Viernes, 31 de enero del 2014
DIARIO
Ayer jueves empleamos todo
el santo día en ir de viaje, ya que al son de lo tonto casi recorrimos España
de norte a sur. O sea que me acuesto temprano, eso sí, después de leer unas páginas ya
archileídas del maestro Umbral, más concretamente de su libro de memorias
“Trilogía de Madrid”. Pues bien, a pesar del cansancio confieso que tardé en
dormirme y luego, maldita sea, he pasado mala noche, con unos dolores
musculares a la altura de la cadera izquierda, algo así como una contractura
muy dolorosa que me impedía cambiar de posición y que me ha obligado a levantarme
a las seis y media, que digo yo que no son horas para ningún mortal
medianamente civilizado.
Sin embargo, en las pocas
horas que he dormido me ha dado tiempo a soñar con Roma.

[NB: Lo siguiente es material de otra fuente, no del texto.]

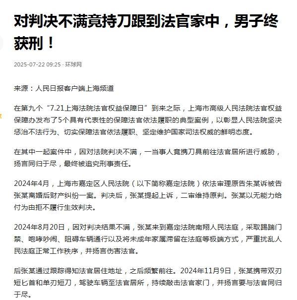 上海嘉定,一男子因不满离婚财产分割判决,将怨恨对准了主审法官。事发前三个月,男子大闹法庭,踢门咆哮、拦车,滞留未成年家属在法庭,还扬言要教训法官,被拘留五天。男子出来后,悄悄跟踪法官下班,摸清了住址,揣着双刃匕首和单刃短刀,开车直扑主审法官家门口。他死命捶门,隔着门缝嘶吼要与法官同归于尽。报警后,警方火速赶到将其制服,搜出凶器。男子因持凶器上门恐吓法官,被认定情节极其恶劣,以寻衅滋事罪判刑八个月。 据悉,张某(化名)与前妻朱某(化名)协议离婚,协议约定房产归张某所有,而其向前妻支付房屋折价款45万元。 协议达成后,张某与前妻领了离婚证,但其并未按照协议约定向前妻支付折价款。前妻一气之下,将张某起诉到法院。 一审法院认定双方达成的离婚协议中财产分割内容合法有效,遂判决张某按照协议约定向前妻支付折价款。 张某不服,遂提起上诉。二审法院审理后,认为一审判决并无不当,遂维持原判决。 在判决生效后,张某继续以没有支付能力为由,拒绝履行生效判决。 2024年8月20日,张某的愤怒首次公开爆发,他冲进南翔法庭,像一头失控的困兽,疯狂踢踹门禁,在走廊里咆哮怒吼,甚至试图阻拦进出法庭的车辆。更令人揪心的是,他将年幼的家属独自留在法庭角落,自己则高声叫嚣着“让法官出来!”、“我要他好看!”等威胁性言语,法庭秩序瞬间陷入混乱。 法庭当即启动应急预案,增派法警到场稳控。面对劝阻,张某充耳不闻。公安机关介入后,因其行为严重扰乱法庭秩序,依法对其处以行政拘留五日的处罚。 然而,惩戒并未熄灭张某心中的怒火,反而如添了一把干柴。被释放后,他并未反思,而是将矛头彻底指向了主审法官。他开始在法庭外蹲守,悄悄尾随法官下班,经过数日的秘密跟踪,竟成功摸清了法官的家庭住址。 2024年11月9日,一个普通的周末傍晚,危险骤然降临。张某驾车抵达法官所居住的小区。他怀中揣着一把令人胆寒的双刃短匕首,口袋里还藏着一把单刃短刀。他径直上楼,站在法官家门前,开始持续、用力地敲击房门,声音在安静的楼道里显得格外刺耳。 当门内传来询问声时,张某隔着门厉声吼道:“你给我出来!今天不是你死,就是我亡!我们同归于尽!”门内的法官惊骇万分,立即反锁房门并报警。 警方介入后,对张某采取了强制措施,并依法对其立案侦查,经由检察院审查后,对张某以寻衅滋事罪提起公诉。 那么,法院会如何判决呢? 《刑法》第二百九十三条第一款规定:“有下列寻衅滋事行为之一,破坏社会秩序的,处五年以下有期徒刑、拘役或者管制:...(二)追逐、拦截、辱骂、恐吓他人,情节恶劣的;...” 结合相关司法解释,多次追逐、拦截、辱骂、恐吓他人,造成恶劣社会影响的;或持凶器追逐、拦截、辱骂、恐吓他人的,均属于情节恶劣情形。 本案中,张某并非空手前往,而是携带了双刃短匕首和单刃短刀,这两件物品在法律上属于管制刀具,具有极强的攻击性和杀伤力。 张某携带凶器本身,就使其口头上的“同归于尽”威胁具备了转化为现实暴力的高度可能性。这远非一般的口头谩骂或虚张声势,而是将抽象的威胁具象化为随时可实施的致命行动,对被害人造成了巨大的、难以摆脱的心理强制和现实恐惧。 张某持续用力敲击法官家门,在相对封闭、私密的住宅楼道内厉声吼叫“同归于尽”,这种行为本身就带有强烈的攻击性和侵入性,营造了一种孤立无援、无处可逃的恐怖氛围,对门内的法官及其家人形成了直接、即时的心理压迫。 而且,张某针对的是依法履职的法官,身份特殊,他并非张某的私人仇敌,而是代表作出裁判的司法人员。张某的行为,直接源于对法官依法作出的生效判决的不满和报复。 张某的目的并非解决私人恩怨,而是意图通过暴力威胁迫使司法人员屈服,否定生效裁判的效力。如果容忍这种行为,将严重动摇公众对司法公正和安全性的信心。 期间,张某通过非法跟踪获取并闯入这一空间实施威胁,这不仅仅是恐吓个人,更是侵害了司法工作者应享有的基本生活安宁和安全屏障。这极大地损害了整个法官群体的职业安全感和尊严感。 从案件发展脉络看,张某的行为具有明显的递进性和预谋性,先因扰乱法庭秩序被行政拘留,但 不思悔改,继续非法跟踪获取法官住址,准备凶器,上门实施具体恐吓行为。这一系列行为表明其主观恶意极深,报复意志坚决,绝非一时情绪失控的偶然行为。 最终,法院认定张某的行为已经构成寻衅滋事罪,判处有期徒刑八个月。 对此,大家怎么看?#头号创作者激励计划#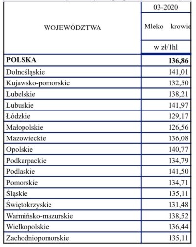 Według Głównego Urzędu Statystycznego cena skupu mleka w marcu 2020 r. wyniosła 136,86 zł/1 hl i była niższa o 0,7% niż w marcu 2019 r. Cena skupu mleka w odniesieniu do lutego 2020 r. była o 0,4% niższa.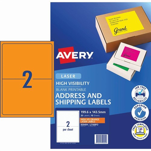 Avery High Visibility Shipping Laser Labels L7168FO 199.6x 143.5 Orange 2UP 10 Sheet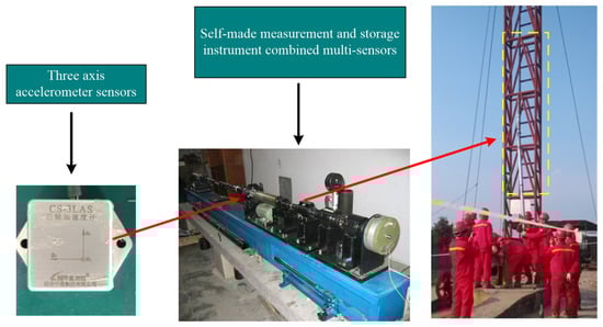 In order to further verify the performance of the proposed weak signal detection method for dynamic MWD signal, field-drilling data were used for testing and analysis. The experimental data came from the field-drilling process of a well in northern Shaanxi. The field-acquisition process and installation position of the triaxial accelerometer sensors are shown in Figure 15, and the drilling environment parameters are listed in Table 4. During drilling, the guiding tool was in a stable and straight state.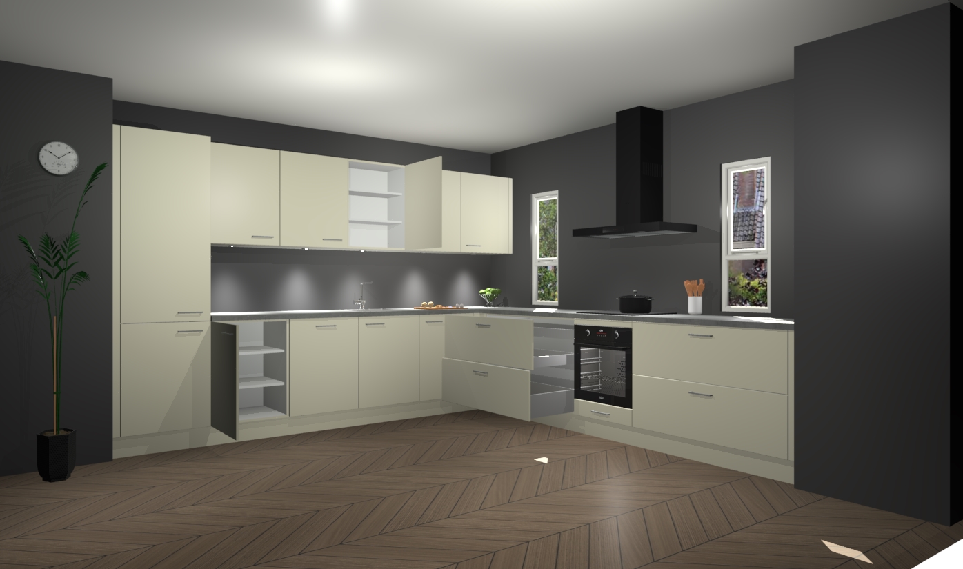 De magnolia keuken is een ideale hoekkeuken en heeft alle functies en apparatuur die u maar nodig kunt hebben. Bij de bestelling krijgt u een oven, inductiekookplaat, afzuigkap, vaatwasser en koelkast - deze kunnen desgewenst eenvoudig worden uitgebreid naar AEG na bestellen. Elke kast wordt ook voor gemonteerd geleverd met soft close deuren die jarenlang gebruik beloven. Stelt u zich voor dat u geen gedoe heeft met vervelende montage - vanaf het moment dat u uw bestelling plaats, duurt het slechts 7 weken voor het bij u thuis geleverd wordt.

Así es. He soñado que
vivía en Roma y que tenía una casa en el Trastévere, con una terraza llena de
macetas de geranios, muchas ventanas y una puerta de madera clara con un
llamador dorado en forma de mano. Si bien reconozco que, después de leer ese
relato de Maupassant titulado “La mano”, les aseguro que las manos sueltas, es
decir, sin que estén unidas al brazo anatómicamente reglamentario, me dan algo
así como un ligero repelús. Algún sentido onírico ha de tener, por tanto, esa
aldaba freudiana en forma de mano y, sobre todo, la presencia de la mujer alta
y morena y de ojos negros que me espera dentro de la casa, con un niño en los
brazos, siendo consciente de que yo sólo soy un señor que viene a cenar y que
de repente se da cuenta de haber olvidado los pasteles del postre y no sabe
bien qué hacer ni qué decir y tan sólo siente vergüenza y piensa que ha
fracasado y que aquella mujer nunca lo amará.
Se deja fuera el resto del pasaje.